[Record excerpts]:
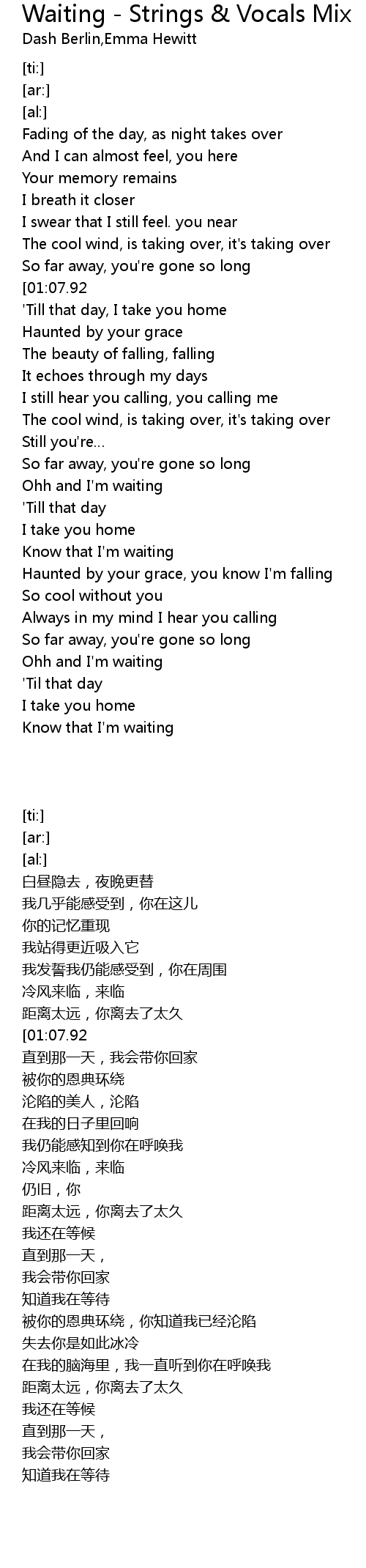 | [01:22.53][01:07.92] | Ohh and I'm waiting |
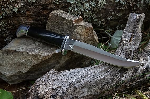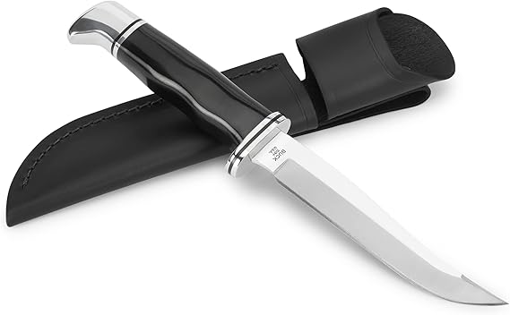 Classic, all-purpose, heavy-duty. Features including full tang construction, a finger guard integrated into the blade, thumb grip ridges and a deep choil help make this knife one of the best options for the serious hunter. Overall length: 9 1/8" (23.2 cm). Imported Sheath.
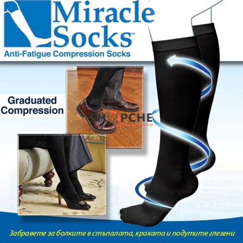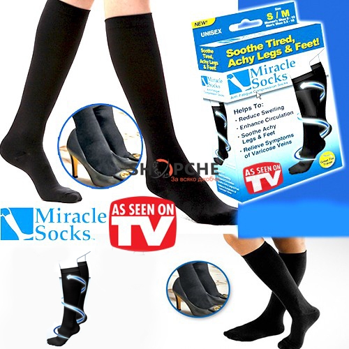 Компресионните чорапи Magic Socks са изработени от удобна и еластична материя. Просто ги обуйте и вижте резултата.
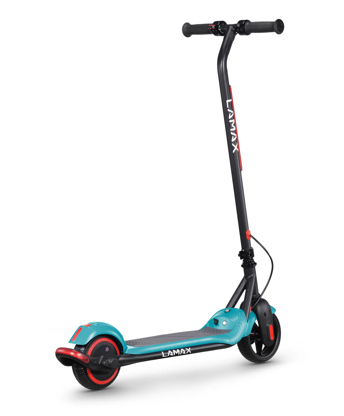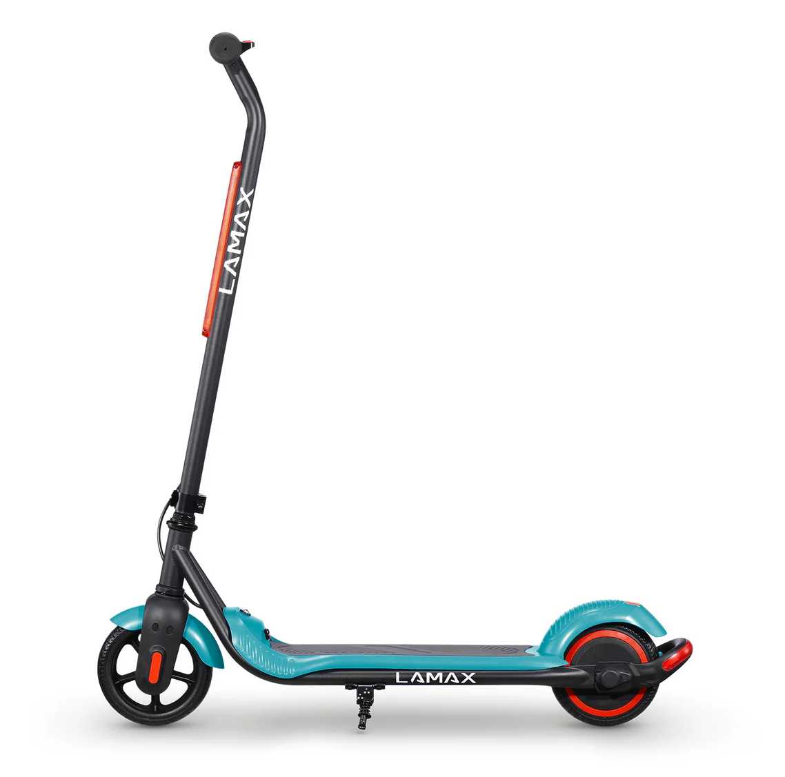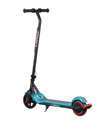 Elektroroller für Kinder LAMAX eFlash SC20 mit 150 W Leistung, einer Höchstgeschwindigkeit von 15 km/h, 15 km Reichweite und einer Tragfähigkeit von 60 kg. Leicht, sicher und mit LED-Beleuchtung ausgestattet.
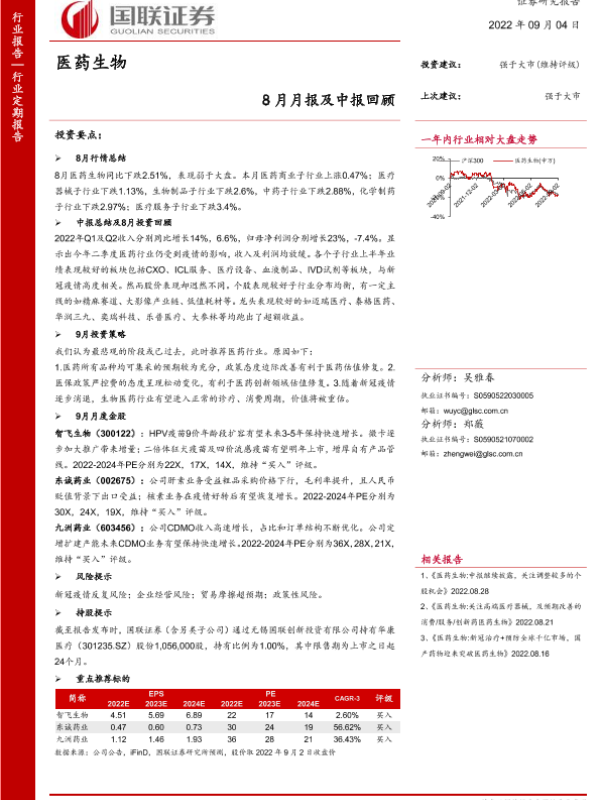 【国联证券】【20220904】医药生物行业:8月月报及中报回顾-23页
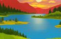 A painting of natural landscape with a lake
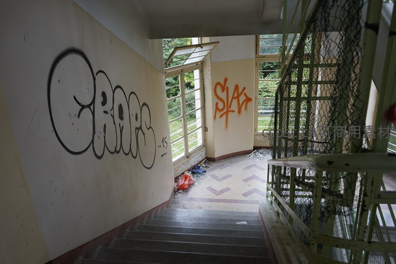 楼梯拐角处的墙壁上喷绘着醒目的黑色和橙色涂鸦,窗外绿意盎然,阳光斜照进来,与室内的破败形成鲜明对比,展现街头艺术在废墟中的生命力。
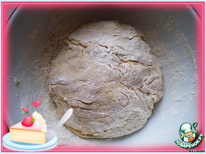Всыпая понемногу просеянную муку, замесить мягкое тесто, которое не липнет к рукам. Накрыть его полотенцем и поставить в теплое место на 1 час.
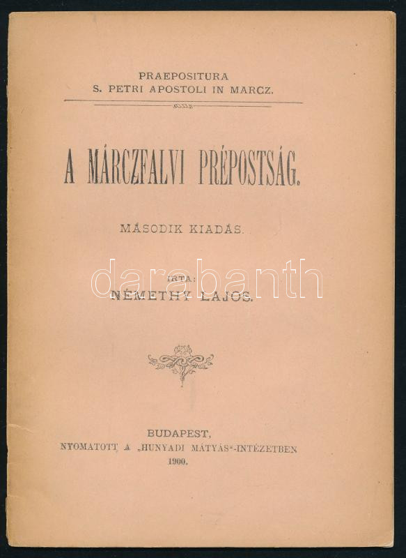 Némethy Lajos: A márczfalvi prépostság. Praepositura S. Petri Apostoli... https://www.darabanth.com/en/457-Online-auction/457.0/Books/Books-Travelling-Local-History~1500017/Nemethy-Lajos-A-marczfalvi-prepostsag-Praepositura-S-Petri-Apostoli-In-Marcz-Bp-1900-Hu~II2869874
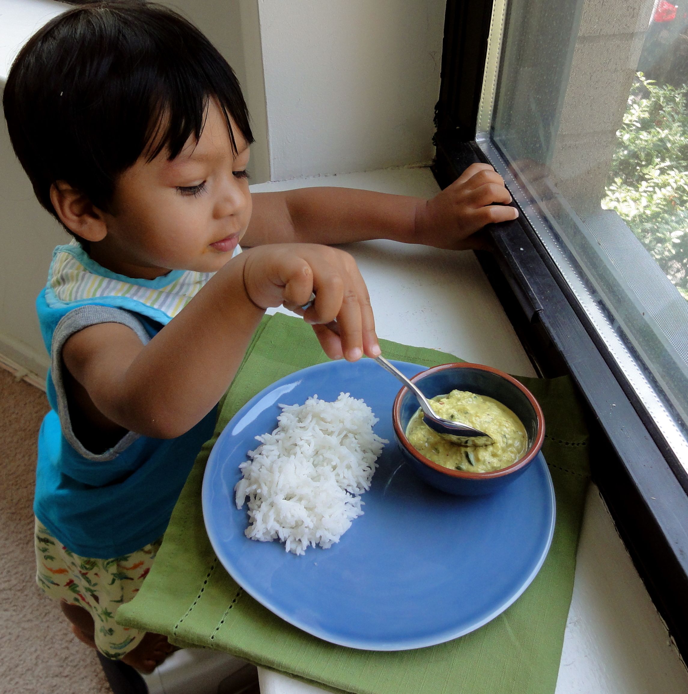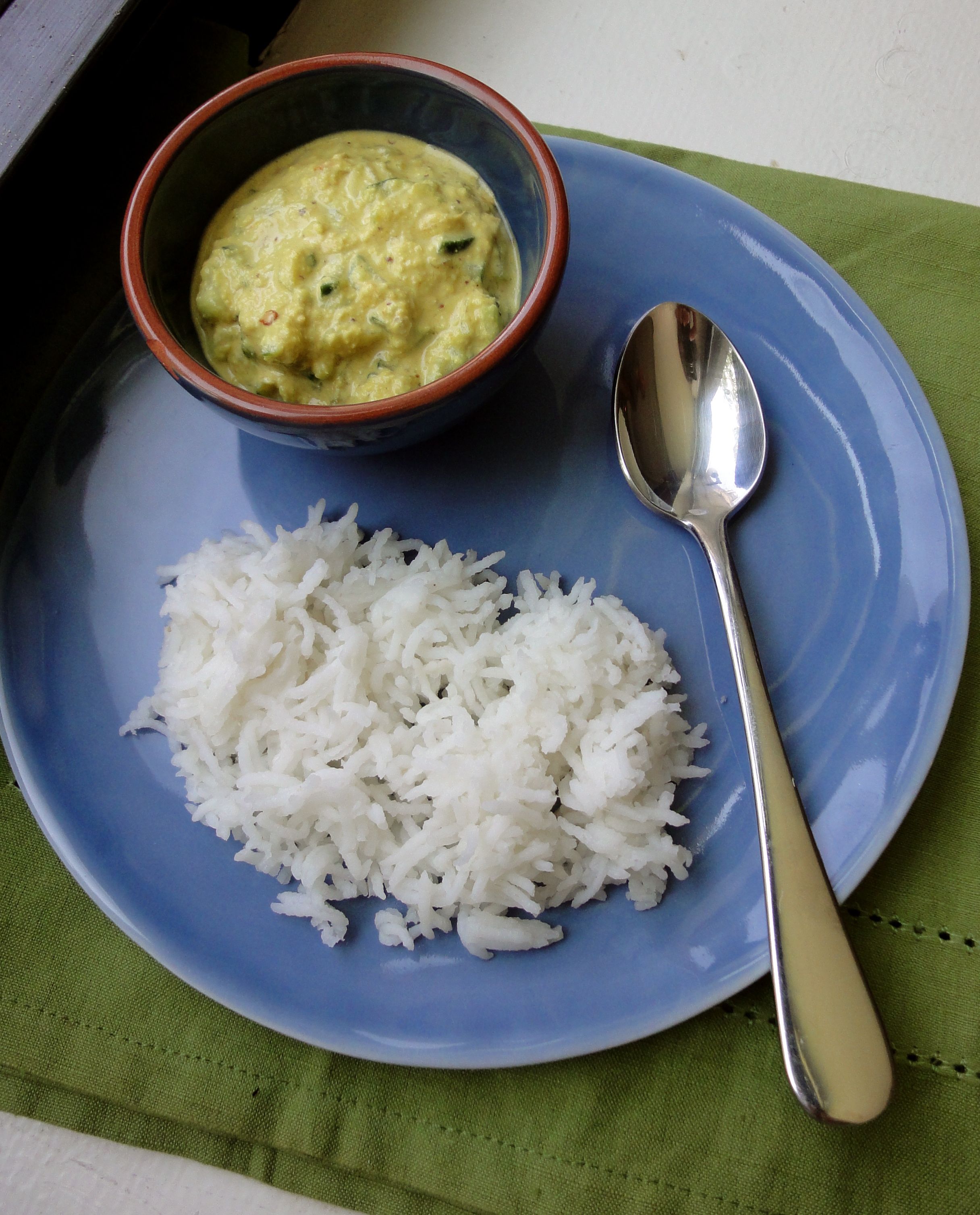 We had hot steaming rice for lunch today with a most unexpected side – a cooling cucumber relish made with a paste of black mustard seeds and white sesame seeds. Not much else was needed for a satisfying meal. I was surprised by how good the relish tasted rubbed into the rice – it was mustardy, spicy from green chillies with a hint of sour from tamarind. Finely chopped cucumbers and the ground sesame gave it an interesting texture – creamy and nutty, but studded with bites of pale green. A sort of refreshing South Indian summer pesto best enjoyed with warm rice.
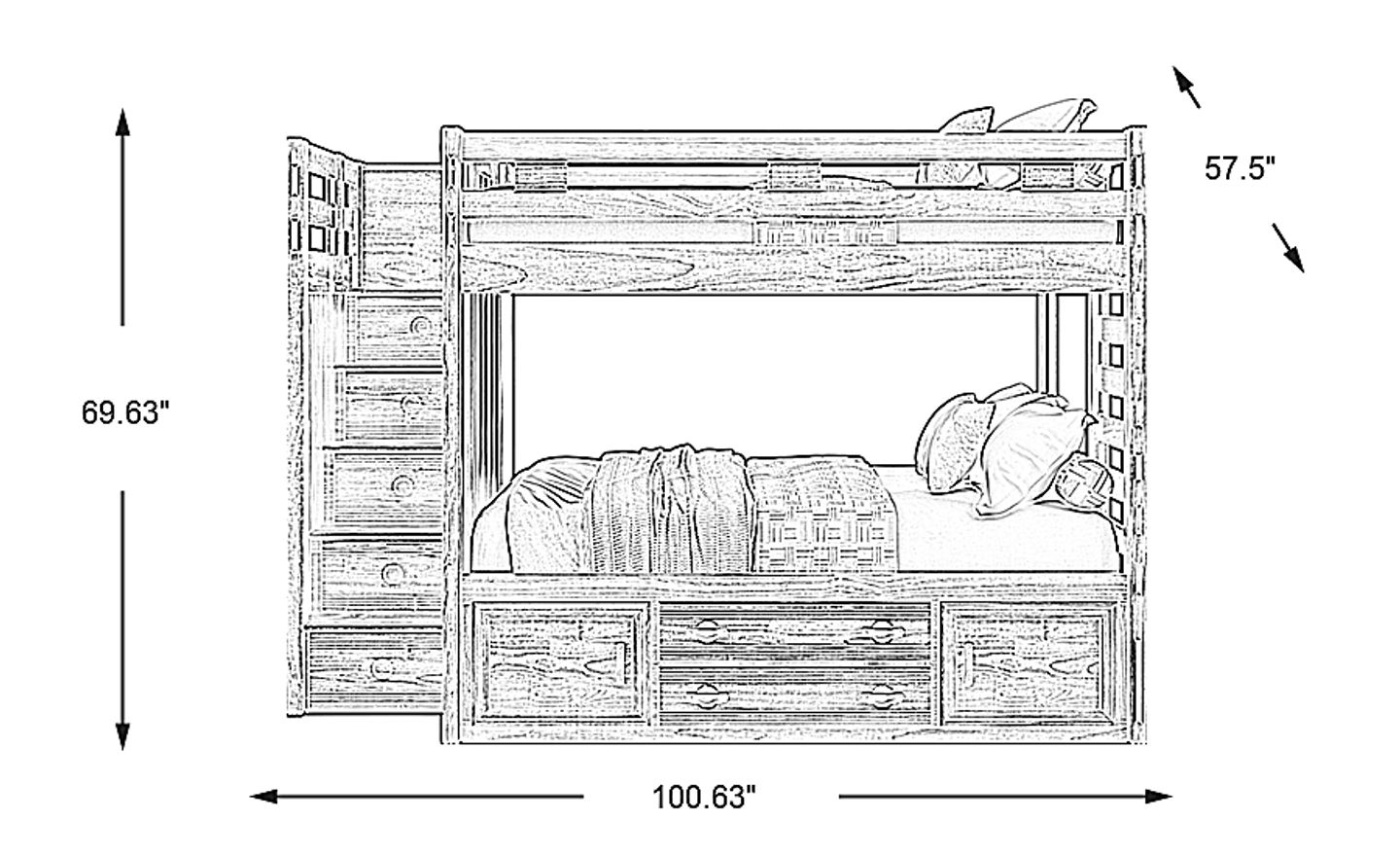 Get a space saving solution without sparing on timeless style appeal when you choose the Creekside 2.0 bunk bed for your child's room. Crafted with pine veneers in a chestnut finish, this full/full step bunk bed features a ladder built into the side of the frame while the other end is configured with five easy-peasy steps to take instead. Additionally, four of the steps have drawers to help store away your child's favorite things, while a storage side rail provides even more bedside storage with two doors and a pair of drawers. Mattresses and foundations sold separately. This product requires a bunkie board (sold separately).

[What you are asked to do]: Word for word, restate the lines from the first line of the material through the line containing "Némethy Lajos: A", with the pictures left out.

[Task response]:
 | [01:22.53][01:07.92] | Ohh and I'm waiting |
 Classic, all-purpose, heavy-duty. Features including full tang construction, a finger guard integrated into the blade, thumb grip ridges and a deep choil help make this knife one of the best options for the serious hunter. Overall length: 9 1/8" (23.2 cm). Imported Sheath.
 Компресионните чорапи Magic Socks са изработени от удобна и еластична материя. Просто ги обуйте и вижте резултата.
 Elektroroller für Kinder LAMAX eFlash SC20 mit 150 W Leistung, einer Höchstgeschwindigkeit von 15 km/h, 15 km Reichweite und einer Tragfähigkeit von 60 kg. Leicht, sicher und mit LED-Beleuchtung ausgestattet.
 【国联证券】【20220904】医药生物行业:8月月报及中报回顾-23页
 A painting of natural landscape with a lake
 楼梯拐角处的墙壁上喷绘着醒目的黑色和橙色涂鸦,窗外绿意盎然,阳光斜照进来,与室内的破败形成鲜明对比,展现街头艺术在废墟中的生命力。
Всыпая понемногу просеянную муку, замесить мягкое тесто, которое не липнет к рукам. Накрыть его полотенцем и поставить в теплое место на 1 час.
 Némethy Lajos: A márczfalvi prépostság. Praepositura S. Petri Apostoli... https://www.darabanth.com/en/457-Online-auction/457.0/Books/Books-Travelling-Local-History~1500017/Nemethy-Lajos-A-marczfalvi-prepostsag-Praepositura-S-Petri-Apostoli-In-Marcz-Bp-1900-Hu~II2869874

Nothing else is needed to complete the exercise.